## DATA SHOWN:
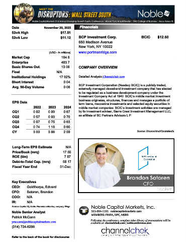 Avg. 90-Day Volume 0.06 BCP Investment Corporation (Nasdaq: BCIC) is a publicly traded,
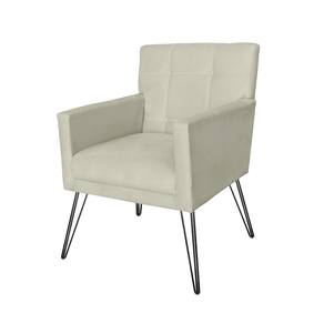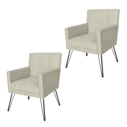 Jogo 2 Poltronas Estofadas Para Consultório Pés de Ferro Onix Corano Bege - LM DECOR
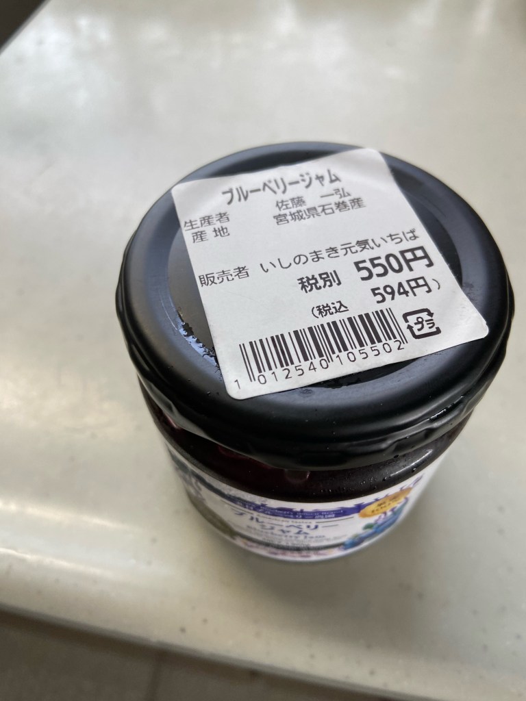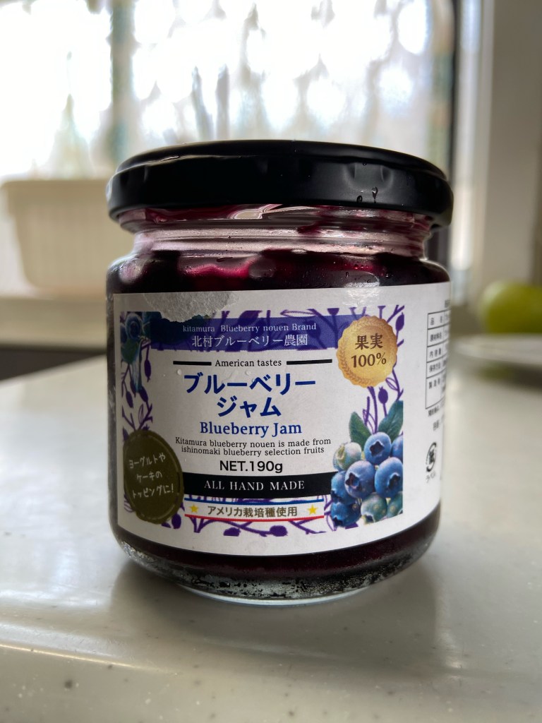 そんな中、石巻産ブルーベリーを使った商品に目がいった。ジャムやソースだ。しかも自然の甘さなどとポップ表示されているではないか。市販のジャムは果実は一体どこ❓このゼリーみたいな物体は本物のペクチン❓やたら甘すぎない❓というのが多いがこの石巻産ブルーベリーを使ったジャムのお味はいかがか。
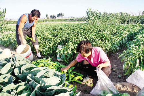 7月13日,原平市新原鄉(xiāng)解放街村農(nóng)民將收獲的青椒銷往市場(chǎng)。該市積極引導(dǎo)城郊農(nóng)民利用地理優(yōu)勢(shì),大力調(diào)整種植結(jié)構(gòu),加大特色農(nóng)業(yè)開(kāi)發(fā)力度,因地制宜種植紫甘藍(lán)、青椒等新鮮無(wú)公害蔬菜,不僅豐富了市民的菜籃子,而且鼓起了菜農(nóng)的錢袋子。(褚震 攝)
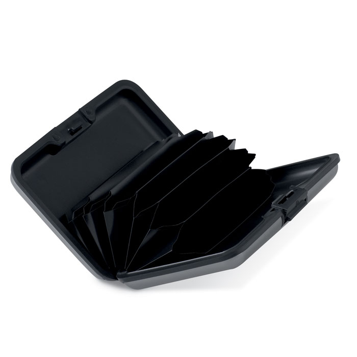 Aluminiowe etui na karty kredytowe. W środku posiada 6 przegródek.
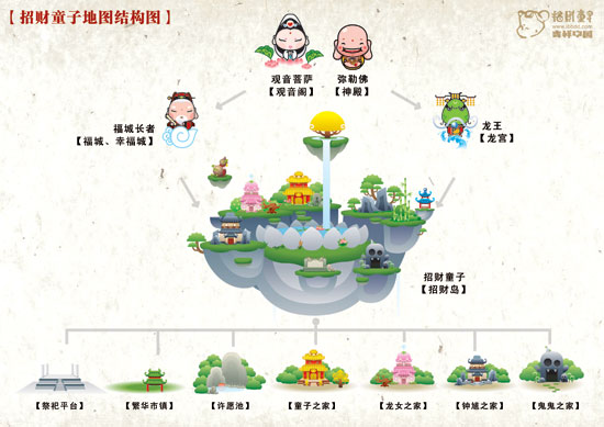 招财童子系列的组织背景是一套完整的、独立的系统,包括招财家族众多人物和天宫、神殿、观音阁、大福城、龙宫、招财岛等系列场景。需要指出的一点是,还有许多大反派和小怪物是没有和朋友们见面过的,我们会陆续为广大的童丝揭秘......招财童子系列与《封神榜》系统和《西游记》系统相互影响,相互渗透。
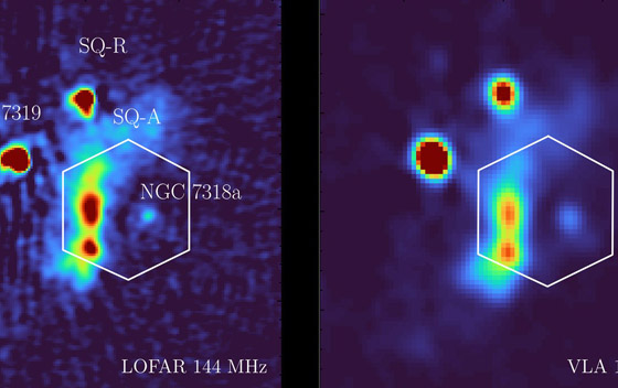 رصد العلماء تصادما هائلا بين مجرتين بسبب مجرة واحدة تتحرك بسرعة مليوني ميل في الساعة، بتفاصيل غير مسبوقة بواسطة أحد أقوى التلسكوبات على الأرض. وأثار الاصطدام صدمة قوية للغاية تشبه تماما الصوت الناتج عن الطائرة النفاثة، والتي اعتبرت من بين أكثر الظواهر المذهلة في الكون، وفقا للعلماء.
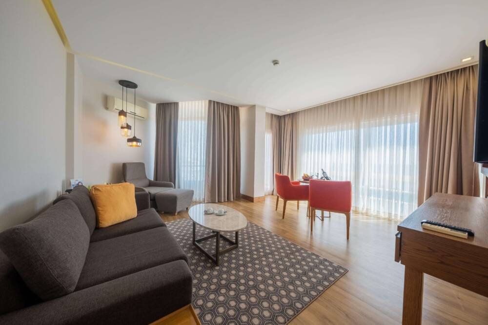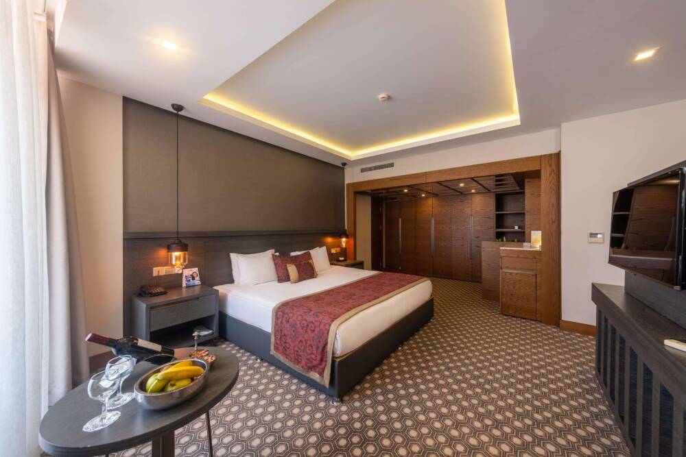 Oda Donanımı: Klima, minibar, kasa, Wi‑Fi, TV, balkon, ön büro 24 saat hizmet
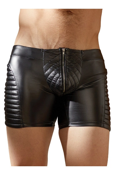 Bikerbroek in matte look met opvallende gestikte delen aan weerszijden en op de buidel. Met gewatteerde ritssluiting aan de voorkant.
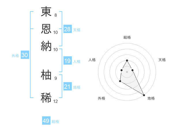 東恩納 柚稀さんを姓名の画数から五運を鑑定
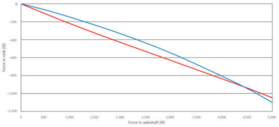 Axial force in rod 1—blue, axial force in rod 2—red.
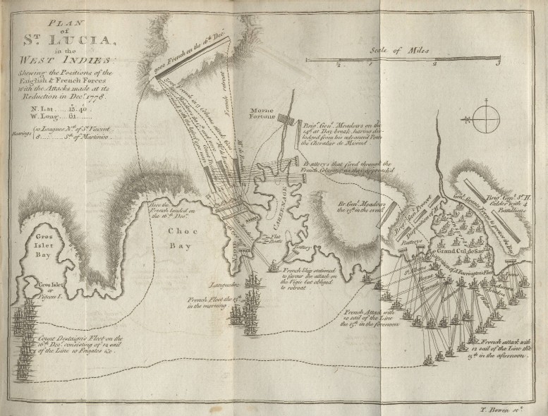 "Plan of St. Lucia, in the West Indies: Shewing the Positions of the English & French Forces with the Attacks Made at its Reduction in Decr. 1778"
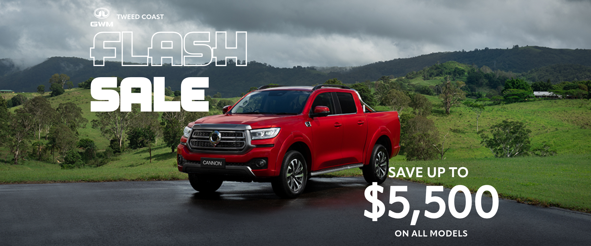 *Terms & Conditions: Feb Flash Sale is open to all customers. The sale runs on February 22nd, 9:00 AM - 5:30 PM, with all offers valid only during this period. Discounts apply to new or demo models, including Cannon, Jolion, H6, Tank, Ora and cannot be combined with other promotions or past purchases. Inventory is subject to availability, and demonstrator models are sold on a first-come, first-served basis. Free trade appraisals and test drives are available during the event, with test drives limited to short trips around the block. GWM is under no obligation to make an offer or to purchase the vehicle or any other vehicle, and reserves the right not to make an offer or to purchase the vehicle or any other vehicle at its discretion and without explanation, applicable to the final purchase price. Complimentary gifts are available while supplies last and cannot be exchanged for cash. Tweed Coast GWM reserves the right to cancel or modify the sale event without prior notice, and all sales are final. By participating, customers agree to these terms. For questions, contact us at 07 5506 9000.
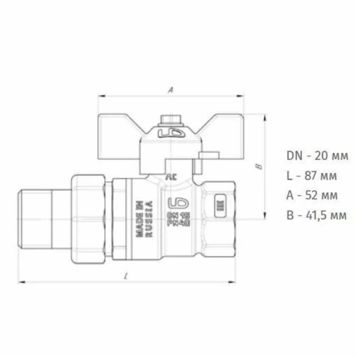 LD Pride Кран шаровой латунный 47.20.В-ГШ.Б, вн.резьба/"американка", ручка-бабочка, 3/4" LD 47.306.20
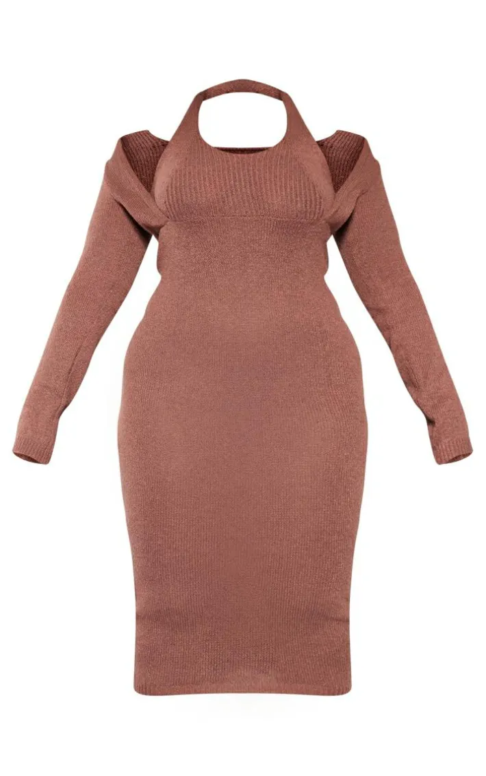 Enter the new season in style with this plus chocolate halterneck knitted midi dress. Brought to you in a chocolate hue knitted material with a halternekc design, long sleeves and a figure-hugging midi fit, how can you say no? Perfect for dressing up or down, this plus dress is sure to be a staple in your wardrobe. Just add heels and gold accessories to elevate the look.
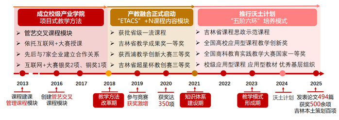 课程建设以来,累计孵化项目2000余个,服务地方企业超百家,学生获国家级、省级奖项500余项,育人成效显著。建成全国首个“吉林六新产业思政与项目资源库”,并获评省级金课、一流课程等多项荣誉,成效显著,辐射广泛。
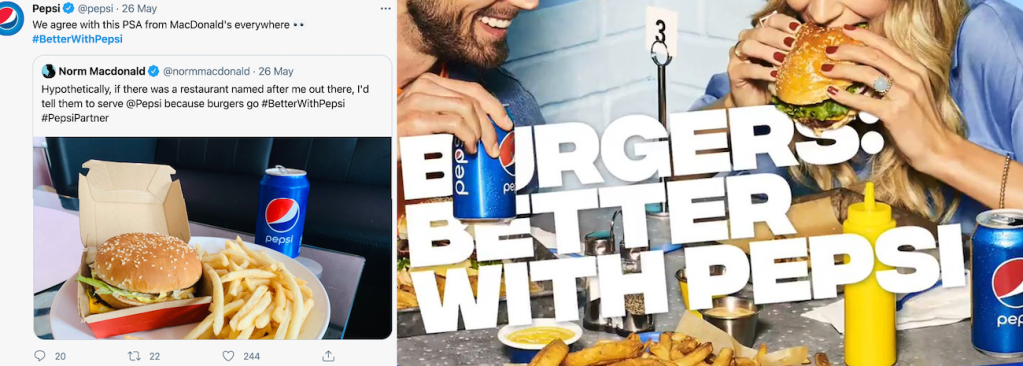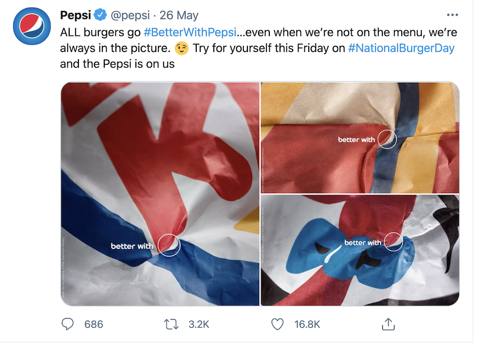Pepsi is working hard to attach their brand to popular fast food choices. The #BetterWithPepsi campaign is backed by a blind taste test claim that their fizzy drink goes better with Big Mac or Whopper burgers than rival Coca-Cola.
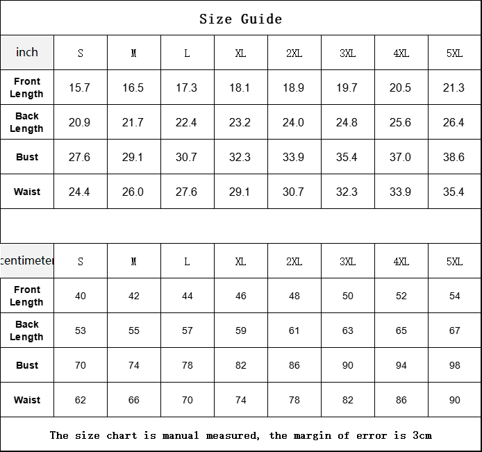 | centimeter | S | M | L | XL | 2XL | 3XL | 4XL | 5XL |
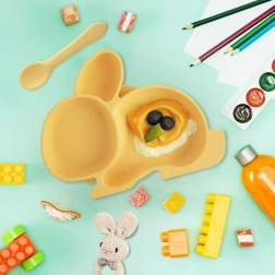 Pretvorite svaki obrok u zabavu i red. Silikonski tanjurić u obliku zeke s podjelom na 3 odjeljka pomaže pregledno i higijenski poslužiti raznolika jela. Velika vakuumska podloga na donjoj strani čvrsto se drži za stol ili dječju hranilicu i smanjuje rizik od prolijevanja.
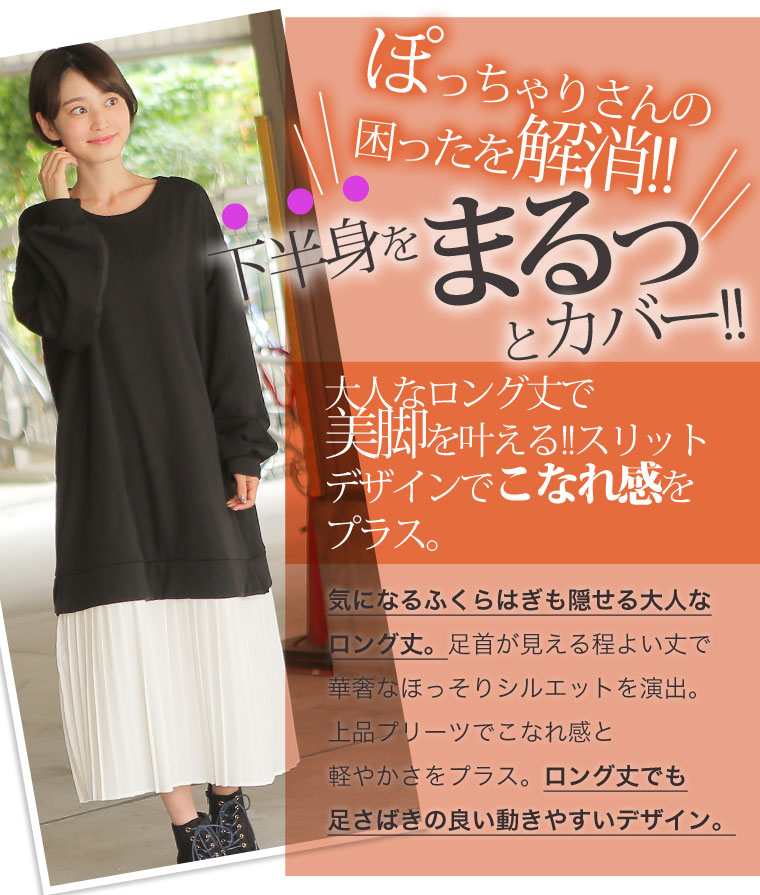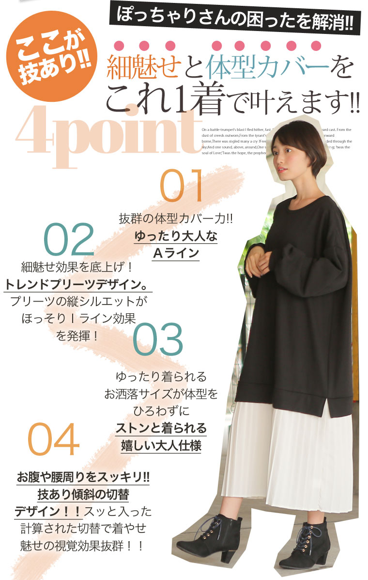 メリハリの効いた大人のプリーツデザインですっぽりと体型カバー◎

## AIM OF THE TASK:
Return the entries above exactly and in full; do not include images.

## ANSWER AREA:
 Avg. 90-Day Volume 0.06 BCP Investment Corporation (Nasdaq: BCIC) is a publicly traded,
 Jogo 2 Poltronas Estofadas Para Consultório Pés de Ferro Onix Corano Bege - LM DECOR
 そんな中、石巻産ブルーベリーを使った商品に目がいった。ジャムやソースだ。しかも自然の甘さなどとポップ表示されているではないか。市販のジャムは果実は一体どこ❓このゼリーみたいな物体は本物のペクチン❓やたら甘すぎない❓というのが多いがこの石巻産ブルーベリーを使ったジャムのお味はいかがか。
 7月13日,原平市新原鄉(xiāng)解放街村農(nóng)民將收獲的青椒銷往市場(chǎng)。該市積極引導(dǎo)城郊農(nóng)民利用地理優(yōu)勢(shì),大力調(diào)整種植結(jié)構(gòu),加大特色農(nóng)業(yè)開(kāi)發(fā)力度,因地制宜種植紫甘藍(lán)、青椒等新鮮無(wú)公害蔬菜,不僅豐富了市民的菜籃子,而且鼓起了菜農(nóng)的錢袋子。(褚震 攝)
 Aluminiowe etui na karty kredytowe. W środku posiada 6 przegródek.
 招财童子系列的组织背景是一套完整的、独立的系统,包括招财家族众多人物和天宫、神殿、观音阁、大福城、龙宫、招财岛等系列场景。需要指出的一点是,还有许多大反派和小怪物是没有和朋友们见面过的,我们会陆续为广大的童丝揭秘......招财童子系列与《封神榜》系统和《西游记》系统相互影响,相互渗透。
 رصد العلماء تصادما هائلا بين مجرتين بسبب مجرة واحدة تتحرك بسرعة مليوني ميل في الساعة، بتفاصيل غير مسبوقة بواسطة أحد أقوى التلسكوبات على الأرض. وأثار الاصطدام صدمة قوية للغاية تشبه تماما الصوت الناتج عن الطائرة النفاثة، والتي اعتبرت من بين أكثر الظواهر المذهلة في الكون، وفقا للعلماء.
 Oda Donanımı: Klima, minibar, kasa, Wi‑Fi, TV, balkon, ön büro 24 saat hizmet
 Bikerbroek in matte look met opvallende gestikte delen aan weerszijden en op de buidel. Met gewatteerde ritssluiting aan de voorkant.
 東恩納 柚稀さんを姓名の画数から五運を鑑定
 Axial force in rod 1—blue, axial force in rod 2—red.
 "Plan of St. Lucia, in the West Indies: Shewing the Positions of the English & French Forces with the Attacks Made at its Reduction in Decr. 1778"
 *Terms & Conditions: Feb Flash Sale is open to all customers. The sale runs on February 22nd, 9:00 AM - 5:30 PM, with all offers valid only during this period. Discounts apply to new or demo models, including Cannon, Jolion, H6, Tank, Ora and cannot be combined with other promotions or past purchases. Inventory is subject to availability, and demonstrator models are sold on a first-come, first-served basis. Free trade appraisals and test drives are available during the event, with test drives limited to short trips around the block. GWM is under no obligation to make an offer or to purchase the vehicle or any other vehicle, and reserves the right not to make an offer or to purchase the vehicle or any other vehicle at its discretion and without explanation, applicable to the final purchase price. Complimentary gifts are available while supplies last and cannot be exchanged for cash. Tweed Coast GWM reserves the right to cancel or modify the sale event without prior notice, and all sales are final. By participating, customers agree to these terms. For questions, contact us at 07 5506 9000.
 LD Pride Кран шаровой латунный 47.20.В-ГШ.Б, вн.резьба/"американка", ручка-бабочка, 3/4" LD 47.306.20
 Enter the new season in style with this plus chocolate halterneck knitted midi dress. Brought to you in a chocolate hue knitted material with a halternekc design, long sleeves and a figure-hugging midi fit, how can you say no? Perfect for dressing up or down, this plus dress is sure to be a staple in your wardrobe. Just add heels and gold accessories to elevate the look.
 课程建设以来,累计孵化项目2000余个,服务地方企业超百家,学生获国家级、省级奖项500余项,育人成效显著。建成全国首个“吉林六新产业思政与项目资源库”,并获评省级金课、一流课程等多项荣誉,成效显著,辐射广泛。
Pepsi is working hard to attach their brand to popular fast food choices. The #BetterWithPepsi campaign is backed by a blind taste test claim that their fizzy drink goes better with Big Mac or Whopper burgers than rival Coca-Cola.
 | centimeter | S | M | L | XL | 2XL | 3XL | 4XL | 5XL |
 Pretvorite svaki obrok u zabavu i red. Silikonski tanjurić u obliku zeke s podjelom na 3 odjeljka pomaže pregledno i higijenski poslužiti raznolika jela. Velika vakuumska podloga na donjoj strani čvrsto se drži za stol ili dječju hranilicu i smanjuje rizik od prolijevanja.
 メリハリの効いた大人のプリーツデザインですっぽりと体型カバー◎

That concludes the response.